Machine learning is a relatively new technology afforded to us by both rapid advancements in computers as well as the new paradigm known by the buzzword “big data.” What machine learning really is is the crunching of data by computers to recognize patterns in that data. Give a computer enough data to eat up, and it’ll be very accurate in its pattern recognition.
When trying to get a computer to recognize patterns in data through machine learning, you need only a couple of things. The most important is a large set of data which has labels for each of its values. For the basics, think of a huge excel spreadsheet with some labeled columns that contain anywhere from fifty rows to hundreds of thousands of rows. As an example, think of a dataset of identifying features of fruits that has three columns: Weight, Texture, and Label. The Label is always needed in machine learning of this kind as it is the main feature of the set of stuff you’d like to find patterns in.

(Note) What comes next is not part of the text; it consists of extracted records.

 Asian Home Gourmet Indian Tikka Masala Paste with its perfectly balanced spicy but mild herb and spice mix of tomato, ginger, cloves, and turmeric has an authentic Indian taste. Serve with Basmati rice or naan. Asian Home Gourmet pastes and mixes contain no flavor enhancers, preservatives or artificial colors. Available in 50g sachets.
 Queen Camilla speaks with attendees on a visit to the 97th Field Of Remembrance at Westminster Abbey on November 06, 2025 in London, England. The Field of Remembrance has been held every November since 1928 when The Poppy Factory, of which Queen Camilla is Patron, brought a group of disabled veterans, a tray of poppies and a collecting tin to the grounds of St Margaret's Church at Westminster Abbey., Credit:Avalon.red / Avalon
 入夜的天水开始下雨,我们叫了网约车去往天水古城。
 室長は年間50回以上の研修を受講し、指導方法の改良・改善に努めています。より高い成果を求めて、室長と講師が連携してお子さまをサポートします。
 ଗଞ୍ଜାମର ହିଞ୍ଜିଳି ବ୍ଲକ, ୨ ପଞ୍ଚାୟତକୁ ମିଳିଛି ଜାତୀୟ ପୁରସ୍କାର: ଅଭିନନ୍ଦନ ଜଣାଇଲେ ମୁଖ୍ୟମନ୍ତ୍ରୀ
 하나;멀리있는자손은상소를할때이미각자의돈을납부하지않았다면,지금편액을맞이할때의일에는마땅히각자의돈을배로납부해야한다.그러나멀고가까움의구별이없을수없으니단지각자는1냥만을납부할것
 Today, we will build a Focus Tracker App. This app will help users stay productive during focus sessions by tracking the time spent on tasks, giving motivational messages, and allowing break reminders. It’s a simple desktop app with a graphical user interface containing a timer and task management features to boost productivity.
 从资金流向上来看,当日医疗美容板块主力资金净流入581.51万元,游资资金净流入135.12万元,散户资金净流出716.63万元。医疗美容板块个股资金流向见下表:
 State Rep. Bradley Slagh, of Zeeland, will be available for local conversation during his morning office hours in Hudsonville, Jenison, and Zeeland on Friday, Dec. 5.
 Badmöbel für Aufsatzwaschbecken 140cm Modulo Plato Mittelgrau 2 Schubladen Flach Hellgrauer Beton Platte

Oranges tend to be 150-180 grams and bumpy, while apples tend to be 120-150 grams and smooth. If you got 100 rows of data which contain data about weight and texture of example apples and oranges and then fed that into a machine learning algorithm, it would notice that very same thing. Now, if you feed the trained algorithm some new data, say 20 rows of apples and oranges different from those used to train it, it would likely be able to identify most of them correctly as either an apple or an orange. Machine learning algorithms are readily available for free online, distributed by big software companies. One example is Google’s TensorFlow. Because these systems do a lot of the heavy lifting in terms of programming for you, running a dataset through TensorFlow’s algorithm is as easy as six lines of code.